Another Hill suicide adds to somber record
This is an archived article that was published on sltrib.com in 2009, and information in the article may be outdated. It is provided only for personal research purposes and may not be reprinted.

Although the base's top commanders say they have made suicide prevention a top priority, the number of self-inflicted deaths among airmen and employees at Hill Air Force Base continues to rise.

The death of an airman on Antelope Island over the weekend brings to at least eight the number of people from the airbase that have taken their own lives so far this year and brings to at least 22 the number of suicides counted at Hill since 2006.

The Antelope Island death was the second in as many weeks, after a period of several months without a self-inflicted death that had Hill officials hoping that efforts to provide mental health services to struggling workers were having an effect.

"We lost two of our own in the past few weeks to suicide," said Col. Patrick Higby, 75th Air Base Wing commander. "We all know that one suicide is too many, and this year's statistics certainly have our attention. A top priority continues to be wellness among our airmen and educating them about the many programs we have available to help people in crisis."

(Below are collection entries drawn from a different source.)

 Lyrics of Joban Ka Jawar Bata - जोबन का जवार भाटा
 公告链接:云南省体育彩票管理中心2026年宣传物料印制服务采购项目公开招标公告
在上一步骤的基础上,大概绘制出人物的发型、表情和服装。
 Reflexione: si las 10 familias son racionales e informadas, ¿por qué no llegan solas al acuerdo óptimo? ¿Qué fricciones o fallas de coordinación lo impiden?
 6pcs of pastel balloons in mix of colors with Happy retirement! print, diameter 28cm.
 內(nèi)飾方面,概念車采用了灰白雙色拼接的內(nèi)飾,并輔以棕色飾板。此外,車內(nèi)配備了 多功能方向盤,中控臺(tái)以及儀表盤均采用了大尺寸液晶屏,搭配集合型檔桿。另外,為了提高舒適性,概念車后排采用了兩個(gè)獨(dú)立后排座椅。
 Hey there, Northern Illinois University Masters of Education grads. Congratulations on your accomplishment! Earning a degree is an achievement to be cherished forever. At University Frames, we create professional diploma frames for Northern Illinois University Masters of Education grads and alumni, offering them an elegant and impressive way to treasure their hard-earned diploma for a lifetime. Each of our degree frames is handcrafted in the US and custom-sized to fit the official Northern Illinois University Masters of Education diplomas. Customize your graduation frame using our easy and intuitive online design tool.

The base has hired 14 "wingman advocates" to find people who may be in distress and connect them with services.

Higby said that over the next few weeks he would ask Hill employees "to be extra vigilant for those that may need assistance because of the emotional toll an act like this takes."

He also asked everyone at Hill "to have the courage to seek help if they need to talk with someone."

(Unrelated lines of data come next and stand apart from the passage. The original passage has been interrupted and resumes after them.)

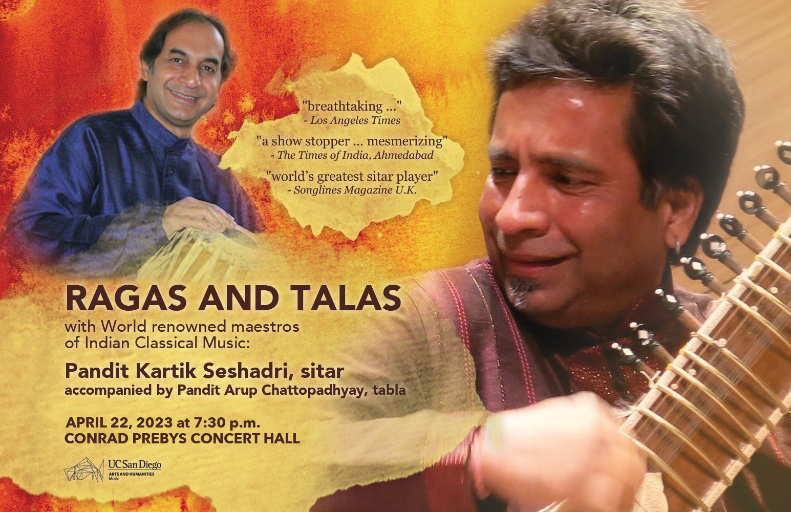 World renowned sitar virtuoso Pandit Kartik Seshadri presents an enchanting evening of Ragas and Talas in the Maihar tradition of Indian Classical Music. Accompanied by Pandit Arup Chattopadhyay on the tabla.
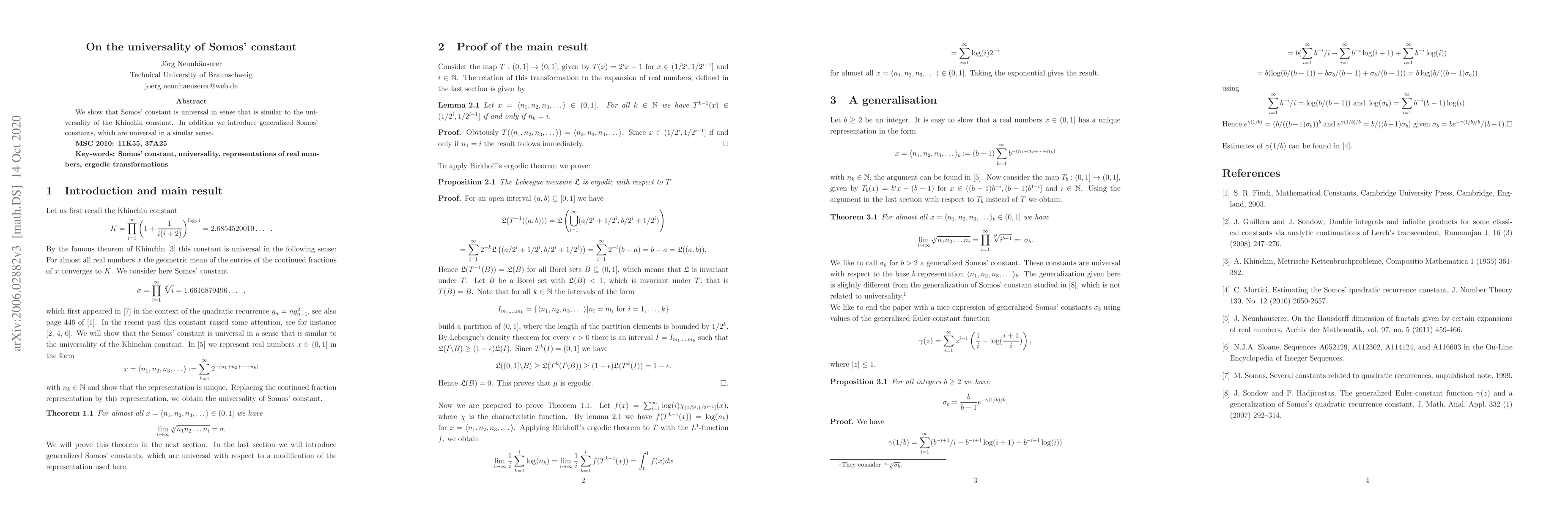 We show that Somos' constant is universal in sense that is similar to the universality of the Khinchin constant. In addition we introduce generalized Somos' constants, which are universal in a similar sense.
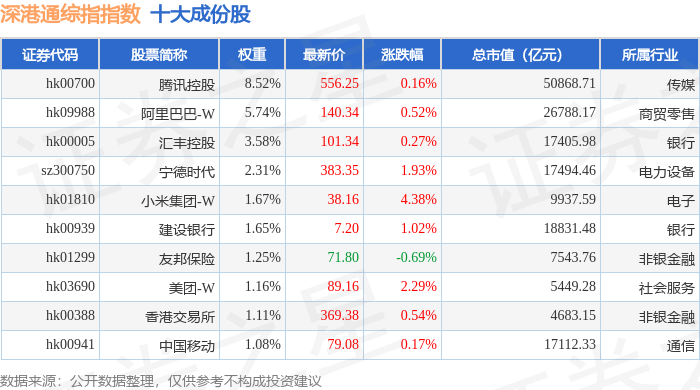 证券之星消息,12月4日,深港通综指(983005)指数报收于6355.58点,涨0.29%,成交7912.83亿元,换手率1.12%。当日该指数成份股中,上涨的有821家,固高科技以19.99%的涨幅领涨,下跌的有1195家,江龙船艇以11.44%的跌幅领跌。

Hill's numbers represent a rate several times higher than Utah's already higher-than-average suicide rate and do not include thousands of contractors who work at the base or any deaths that have not conclusively been proven to be intentionally self-inflicted. The majority of the deaths have come among members of the base's large maintenance wing, but officials deny that workplace troubles are responsible for the problem.

The problem came to public attention in the wake of the death of 39-year-old sheet metal machinist Donald Cleavenger, who killed himself in an aircraft hangar after receiving a poor performance review on New Year's Eve. He was at least the fifth person from Hill in 2008 -- a tally that, at the time, was the highest number of self-inflicted deaths in at least a decade at Hill.